**Exercise requirements**
Repeat exactly what runs from the line containing "Candy Canes with" through the last line of the material below. Do not copy the pictures.

**Supplied data**
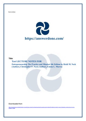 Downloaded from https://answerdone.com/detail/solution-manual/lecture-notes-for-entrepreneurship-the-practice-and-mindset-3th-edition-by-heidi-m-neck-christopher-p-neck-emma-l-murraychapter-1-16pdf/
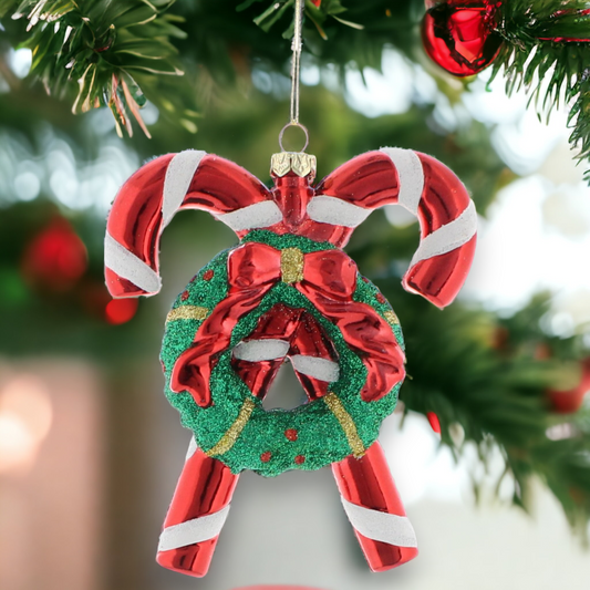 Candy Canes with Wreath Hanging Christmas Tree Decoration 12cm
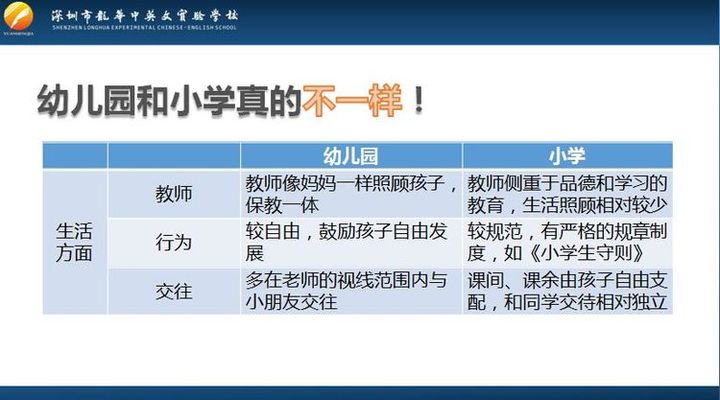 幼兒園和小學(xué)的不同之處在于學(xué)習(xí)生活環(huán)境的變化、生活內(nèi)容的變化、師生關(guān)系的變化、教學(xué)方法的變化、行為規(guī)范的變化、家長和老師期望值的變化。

**Response to the task**
 Candy Canes with Wreath Hanging Christmas Tree Decoration 12cm
 幼兒園和小學(xué)的不同之處在于學(xué)習(xí)生活環(huán)境的變化、生活內(nèi)容的變化、師生關(guān)系的變化、教學(xué)方法的變化、行為規(guī)范的變化、家長和老師期望值的變化。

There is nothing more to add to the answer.